Credit: Bob Englehart, Middletown, CT

As COVID-19 continues its devastating and lingering spread around the world, we are already experiencing the harsh impact of an economic shutdown that is saving lives but killing jobs. Both blows have contributed to a climate of fear that is sadly stressing the limits of civility.

In a climate of fear, truth is often a casualty. Anxiety regarding the lack of information about virus transmission, effective treatment, and mortality risk has led to an alarming spread of misinformation, efforts to blame others, and even aggression.

We at the Anti-Defamation League are used to seeing this kind of behavior in extremists who latch onto untruths and conspiracy theories to counter their fears of living amidst a more diverse population. Xenophobia and scapegoating of marginalized communities is sadly a consistent historical response to widespread illness, and we are indeed seeing a rise beyond the usual quarters in the targeting and harassment of Asian and Jewish communities — particularly online.

There is another alarming trend, however, of extremism working its way into the mainstream. The combination of crisis-related anxieties and a politically polarized election cycle is resulting in disturbingly extreme rhetoric.

An example is the recent opinion piece by local newspaper owner and publisher Wendy McCaw calling elected officials “tyrants” and suggesting that government policies resulting in lines outside supermarkets are “not that far away” from “turn[ing] us into the Soviet Union or Nazi Germany.” California’s social distancing restrictions — designed to prevent our most vulnerable from the spread of a life-threatening pandemic — are, by any rational measure, very “far away” from the governmental deprivations of life and liberty in the former Soviet Union and the murderous atrocities of Nazi Germany. To suggest otherwise demeans the victims of those regimes, the victims of civil rights violations in our own country, and the sacrifices of those who fought for the rights we all enjoy today.

Similarly, elected officials exercising authority historically confirmed by courts to impose reasonable restrictions on our individual rights in order to protect the public health is far from tyranny.  It is important to question whether our elected officials are adequately informed, whether they are honorably motivated, and whether their regulations are reasonable, but to liken them to murderous regimes and unchecked dictators is unwarranted and disingenuous. The more such questioning is backed by facts, the greater value it will provide.

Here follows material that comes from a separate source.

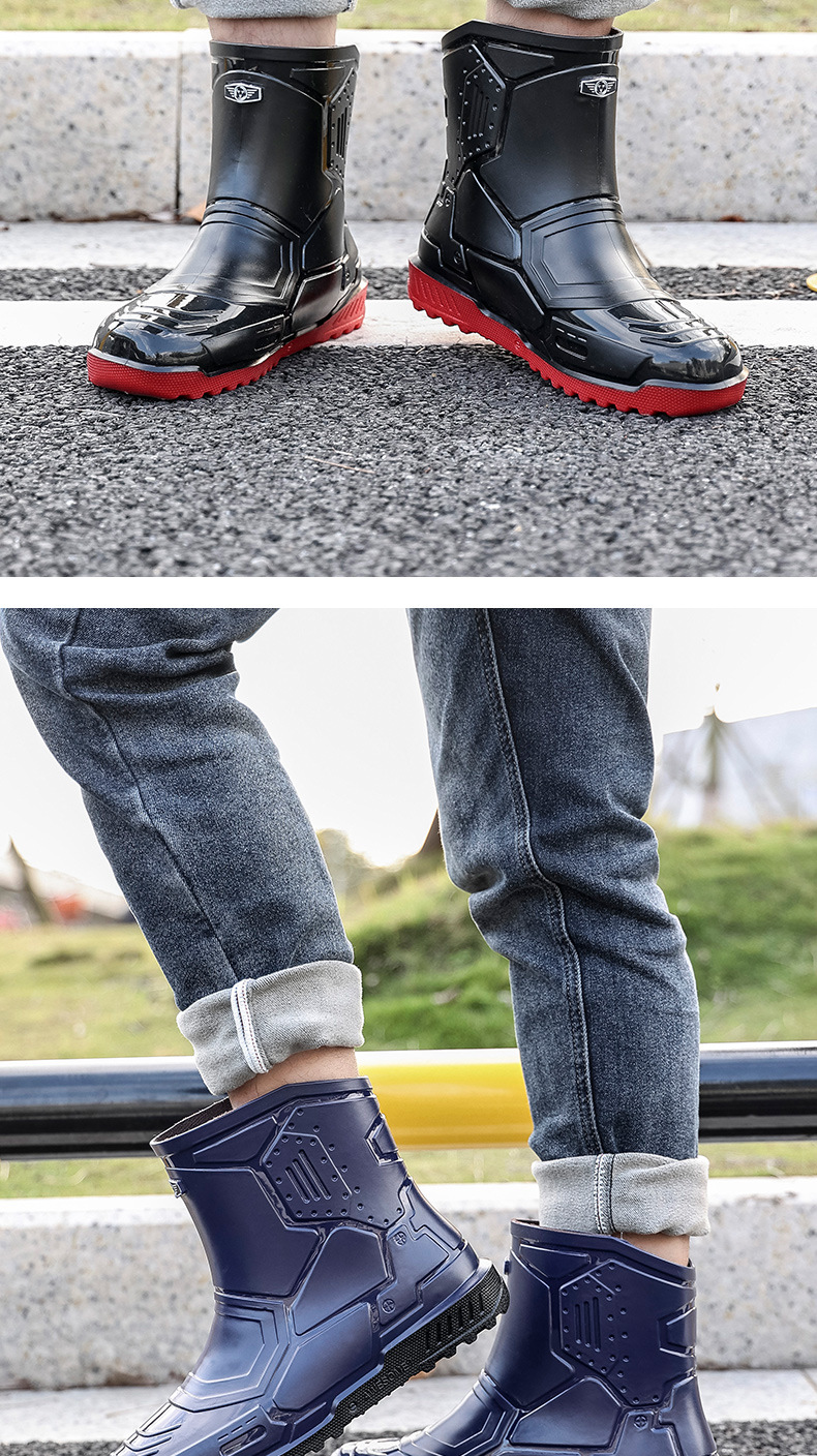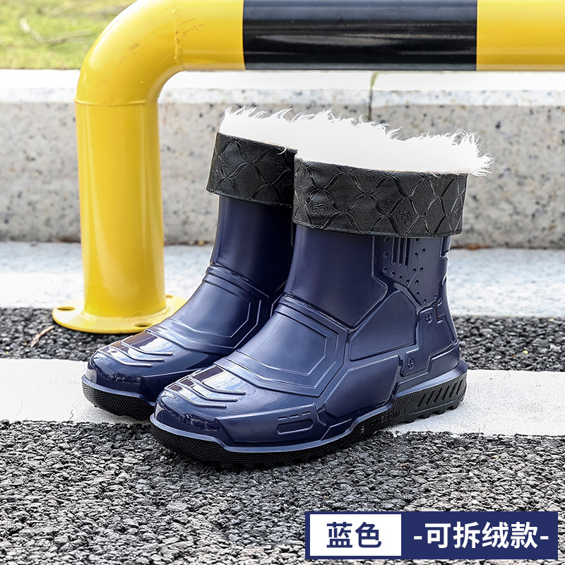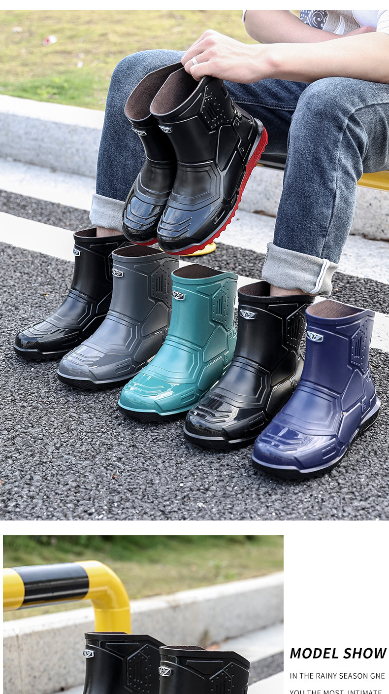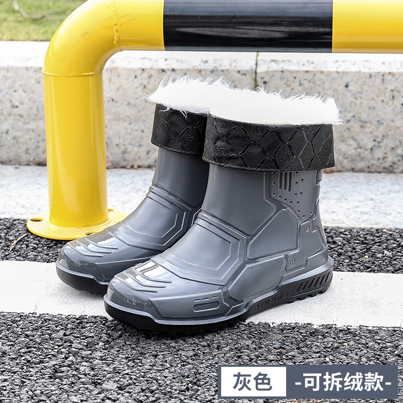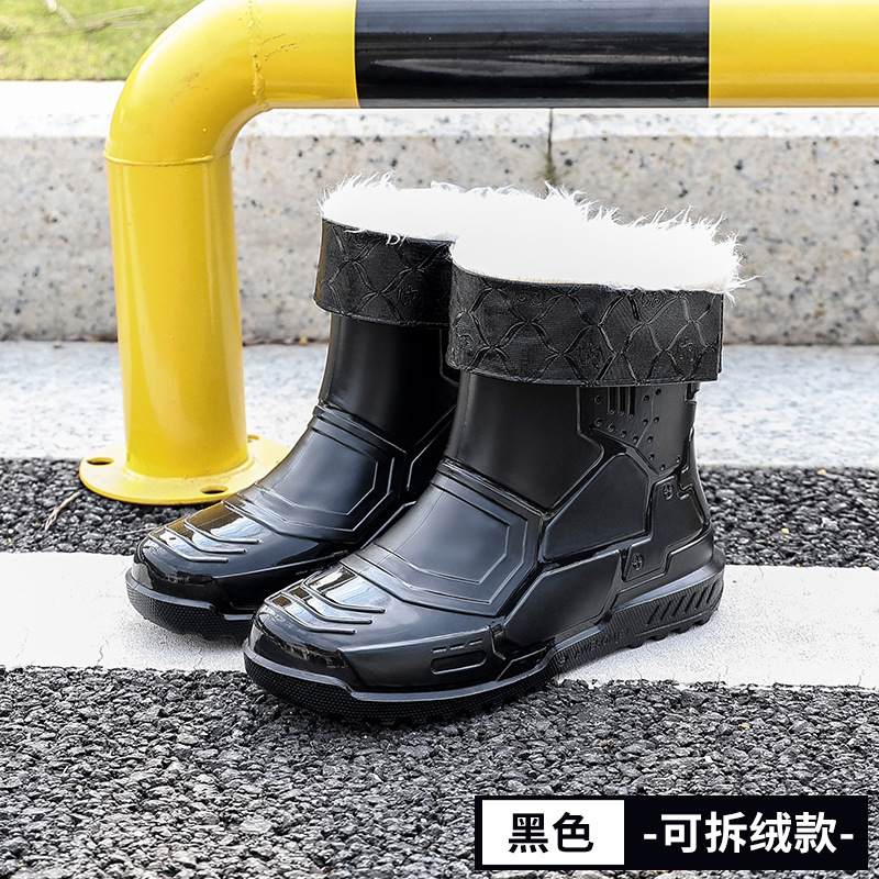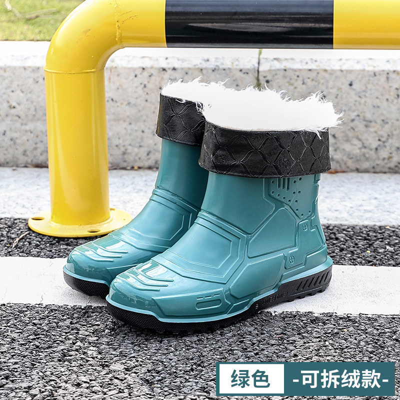 헤어 레인 슈즈 남성용 및 여성용 쇼트 튜브 워터 슈즈 성인 플랫 따뜻한 방수 부츠 짧은 학생 고무 신발 남성용 오버 슈즈 도매스토어 가기

This publisher’s rhetoric is protected speech, but it is speech more likely to sow hate than to change minds — it is fear mongering (an accusation she makes of others in her own piece). Her language feeds into more traditionally extremist conspiracies that the government is working against us, that our public institutions cannot be trusted nor can elected officials with whom we might disagree. When speech like this goes unchecked, particularly from those with prominent platforms, it tends to become “normalized” and more widely accepted. We have all seen these beliefs turn into action in the form discrimination, hate, and injustice. The brunt of this destructive pattern tends to fall on marginalized communities, including African-Americans and Latinx, who are also bearing a disproportionate impact of the current heath and financial crisis.

Extreme rhetoric is detrimental from any direction. Dehumanizing references to leaders or others as “monsters” or “evil” has the same negative impact regardless of where it comes from on the political spectrum. If others are somehow less than human, the message is that we can treat them less humanely. The League’s motto for more than a century has been that if we tolerate anyone being treated inhumanely, we are all at risk.

What we need as a civil society during this global pandemic, is accurate information, fact-based understanding, precise language, resistance to fear, and the strengthening of our communities.

This is not the first virus to stress and test the line between individual liberty and government authority — an issue likely again to be resolved with due process in our courts of law. In the meantime, it is our hope that we all can agree that the best way for those with a politician’s podium, a printing press, or even just a point of view, to express their passion and patriotism is to do so while modeling civil discourse.

Dan Meisel is the regional director for the Anti-Defamation League Santa Barbara/Tri-Counties.